CSS box model hack alternative

by Volker Weber

Check out trick # 6 in this list of CSS tricks.

On a slightly related note, Microsoft urges developers to prepare for IE 7. This can only mean one thing: The next version is going to be as broken as the other ones. If it would just render the standard, there would be no need to prepare.

Microsoft, please, it is really easy. Make IE 7 adhere to the web standards. Make it compatible with Firefox, Mozilla and Opera. Web developers will start to respect you.

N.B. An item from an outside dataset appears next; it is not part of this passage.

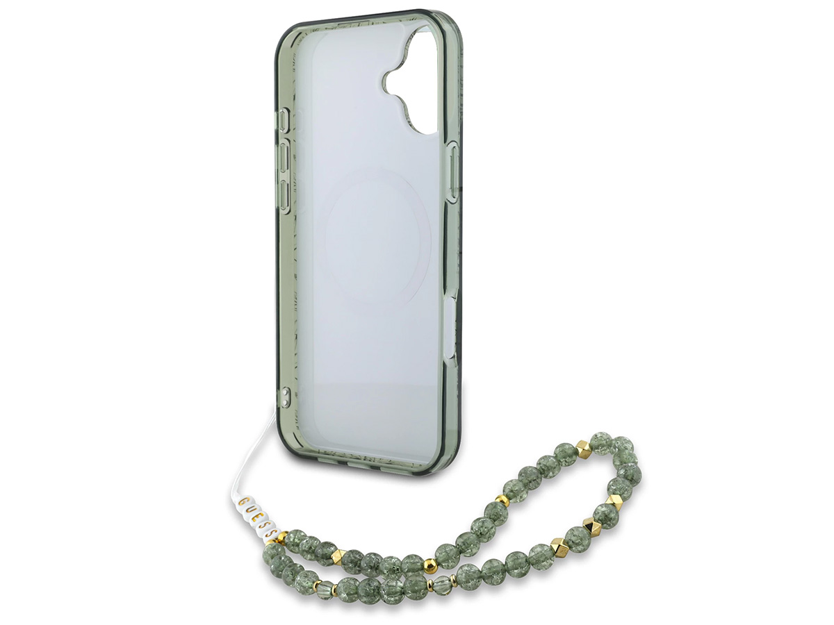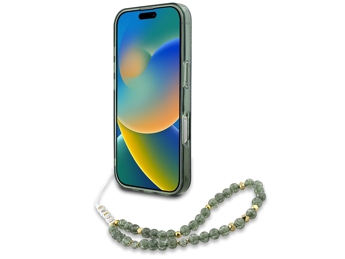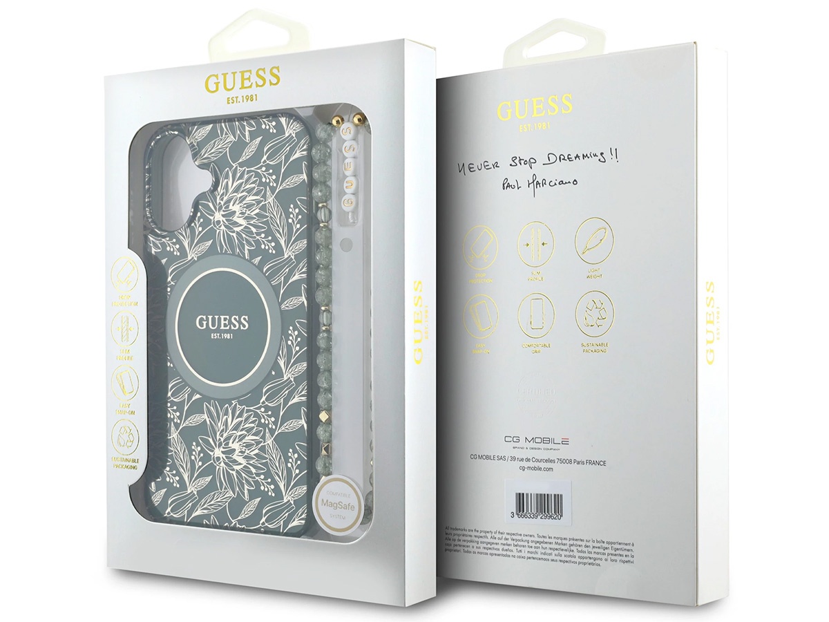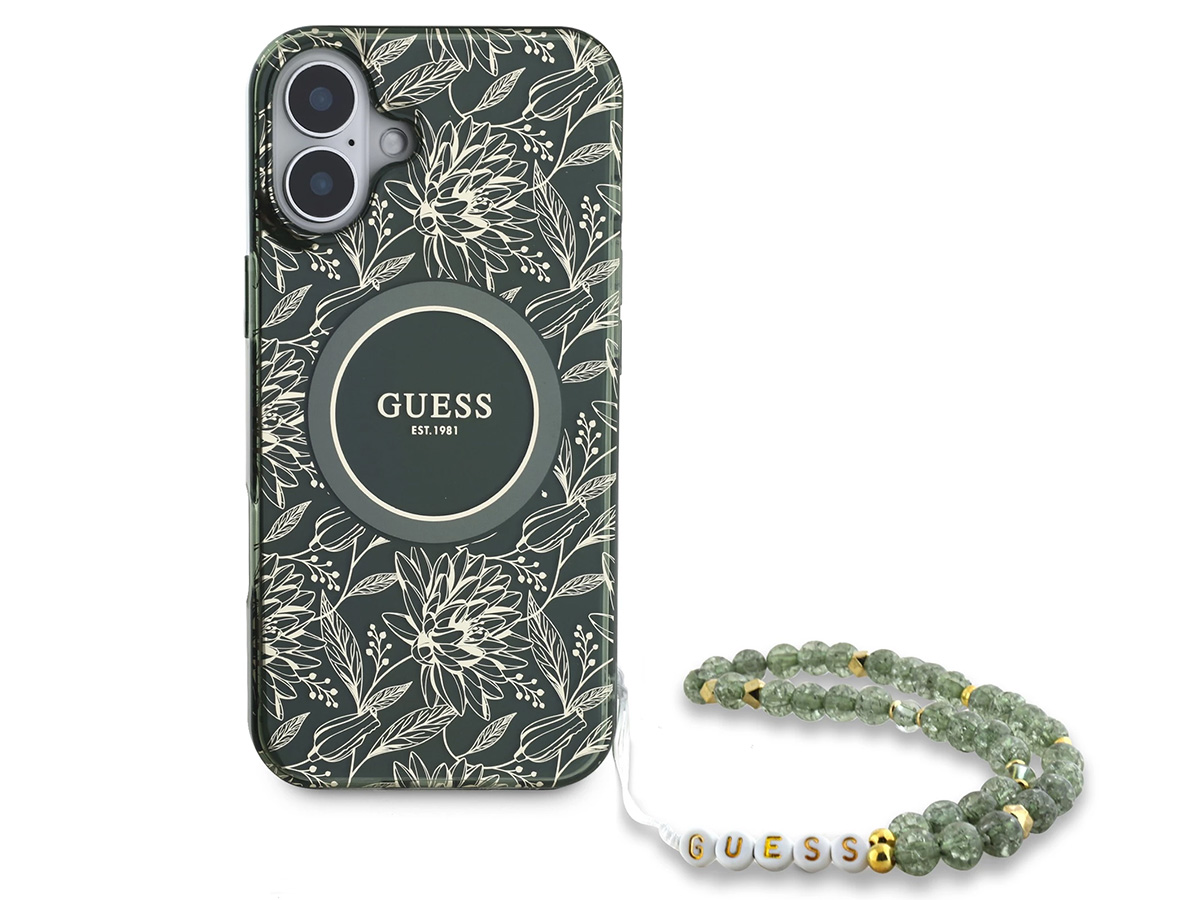 Guess Floral Wristlet Charm Case Groen - iPhone 16 Plus hoesje met Polsbandje

Volker, we all don't understand that Microsoft is optimizing the ugly standard. They do it to make the internet for all users more useful. The standards are not innovative enough so MS has to enhance it with special proprietary functions and behavior of IE. And as MS is doug all this selfless things to the community all the other Browsers should include this way of rendering in their Browsers...don't forget only MS knows what's good for us...

Damned can't include the ironic tags ;-)

Sven Semel, 2005-07-22

If you create a more or less complex site, the CSS grows due to MSIE5/6 workarounds. So far, I've decided to use some html tables (uh!) for the base layout to avoid many weird IE bugs and workarounds in the CSS. In these tables I use css of course for positioning, layout, ...
To be honest: I've never believed that MS would improve the IE in the way being more compatible to the web standards since they always were arrogant regarding this matter (and other matters, too...).

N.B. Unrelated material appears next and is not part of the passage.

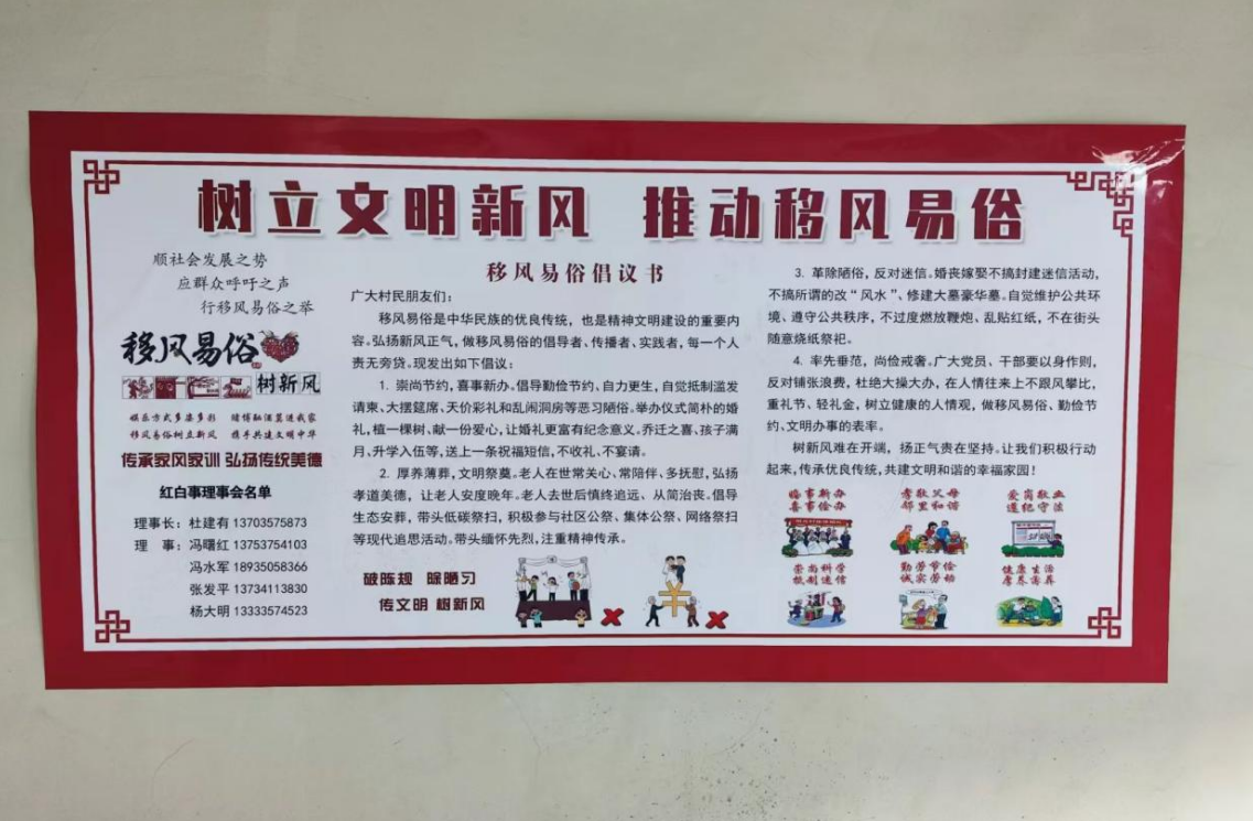 党员先锋带头:要求党员干部、各类评优评先人员签订移风易俗承诺书,遇红白事必先报备理事会,带头执行新规,为村民树标杆。

As I've seen the announcement of IE7, I (as many others) thought: where is the innovation? Nice that they are going to include (copy) tabbed browsing, rss support, etc. Which non-MS-browser does not support these announced features (except these proprietary "features" as not to support web standards)?

Well, many successful companies focus on core business, and outsource non core business. Microsoft does not. Yet another GE like company. I still miss Microsoft fridges, microwaves, etc.

Michael Schmid, 2005-07-23

On the other hand, I've seen a lot of folks complaining about IE just to find out that they still didn't use a proper DOCTYPE to make sure IE isn't in quirks-mode. A lot of CSS issues with IE6 go away when not in quirks mode. So, if you're scratching your head now, you're probably one of those candidates... ;-)

Thomas Gumz, 2005-07-23

Perhaps they are on the right way.

Beate Paland, 2005-07-23

Could you imagine the fallout if MS went the standards route? Poor web rendering (perceived) is one reason why more people haven't switched to something like Firefox. Even though it's standards-based, many consumer websites are coded for IE (or with IE products...). If MS went with standards with IE7, there would have to be a lot of re-development.